#### WHAT THE EXERCISE ASKS:
From the line with "90's Death Metal, Brutal" to the final line of the data below, please write out every line exactly, with no pictures.

Start of LISTED ENTRIES

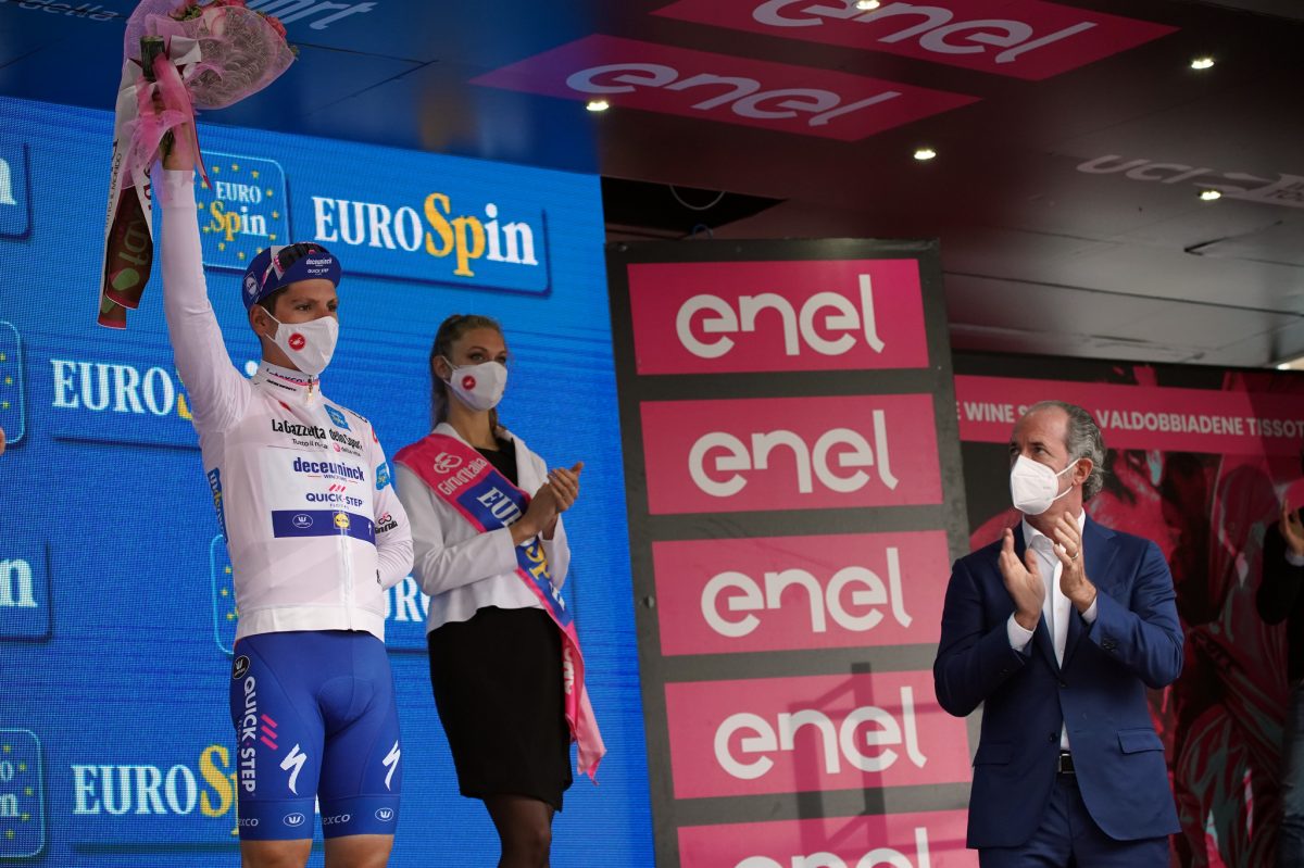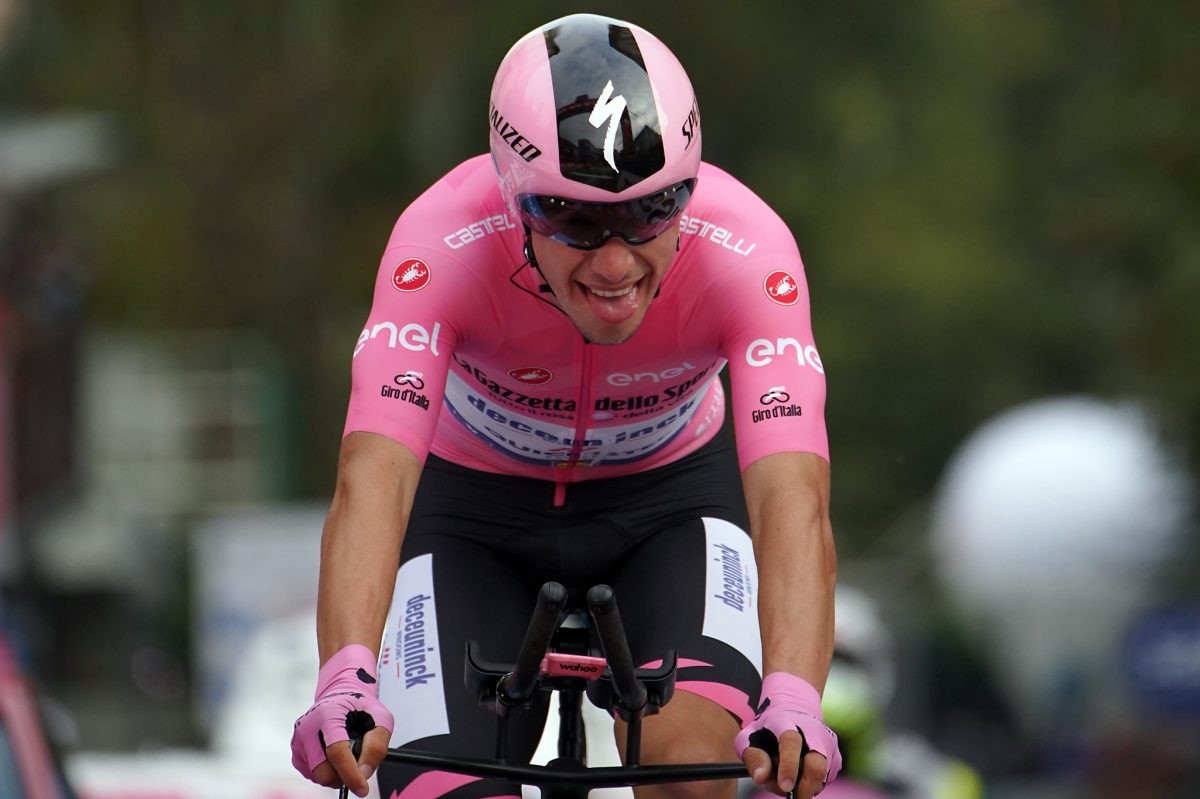 ジロ・デ・イタリア2020第14ステージが17日、コネリアーノからヴァルドッビアーデネまでの34.1kmでの個人タイムトライアル形式で行われ、個人TT世界チャンピオンで今大会の第1ステージの個人TTも制しているフィリッポ・ガンナ(イネオス・グレナディアス)が2位に26秒差を付けて圧勝した。個人総合トップのホアン・アルメイダ(ドゥクーニンク・クイックステップ)は6位と好走し、個人総合争いのリードを拡大した。
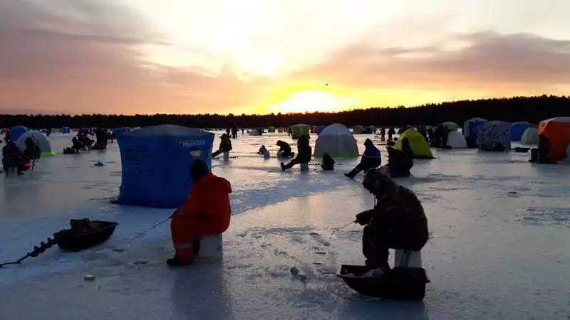 По словам южно-сахалинского рыбака, сегодня на озере собралось не менее 500 человек, многие прятались от холода в палатках.
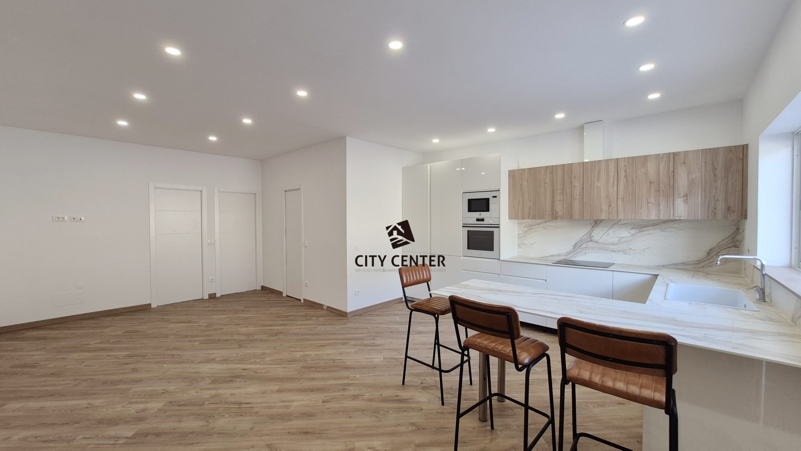 Cocina abierta al salón-comedor, equipada con electrodomésticos de alta gama
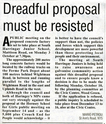 below AggregateResearch.com Birmingham Post 20.1.05 |Hornsey Journal To read the article click here
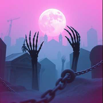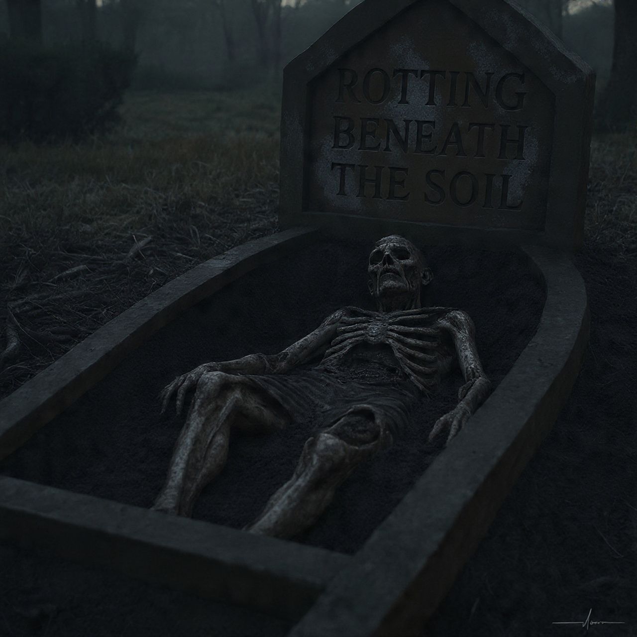 90's Death Metal, Brutal Death Metal, 90's Slamming Death Metal, Symphonic Black Metal, Atmospheric, Deep Death Growling Vocals, Lead and Rythym 7 string Guitars, tuned to Drop G, Downpicking chugging riffs, tremolo picking solos, reverb, groovy, brutal, heavy, Machine gun like blast beat drumming, Cymbals are loud and bright, 5 string bass follows guitars closely, 8/8 Time signature, Horror Ambiance, Death, Decay, Organ, Piano
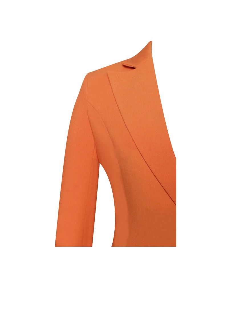 Add a pop of color to your wardrobe this season with the stunning Freya. Cut in a bright orange woven fabric, this blazer-style minidress is cut close to the body to accentuate your cures. With peak lapels, long sleeves and crystal embellishment this blazer dress is far from anything you’ve seen. Pair with an orange heel, because who said bright colors were only for the summer!

End of LISTED ENTRIES

#### ANSWER SPACE:
 90's Death Metal, Brutal Death Metal, 90's Slamming Death Metal, Symphonic Black Metal, Atmospheric, Deep Death Growling Vocals, Lead and Rythym 7 string Guitars, tuned to Drop G, Downpicking chugging riffs, tremolo picking solos, reverb, groovy, brutal, heavy, Machine gun like blast beat drumming, Cymbals are loud and bright, 5 string bass follows guitars closely, 8/8 Time signature, Horror Ambiance, Death, Decay, Organ, Piano
 Add a pop of color to your wardrobe this season with the stunning Freya. Cut in a bright orange woven fabric, this blazer-style minidress is cut close to the body to accentuate your cures. With peak lapels, long sleeves and crystal embellishment this blazer dress is far from anything you’ve seen. Pair with an orange heel, because who said bright colors were only for the summer!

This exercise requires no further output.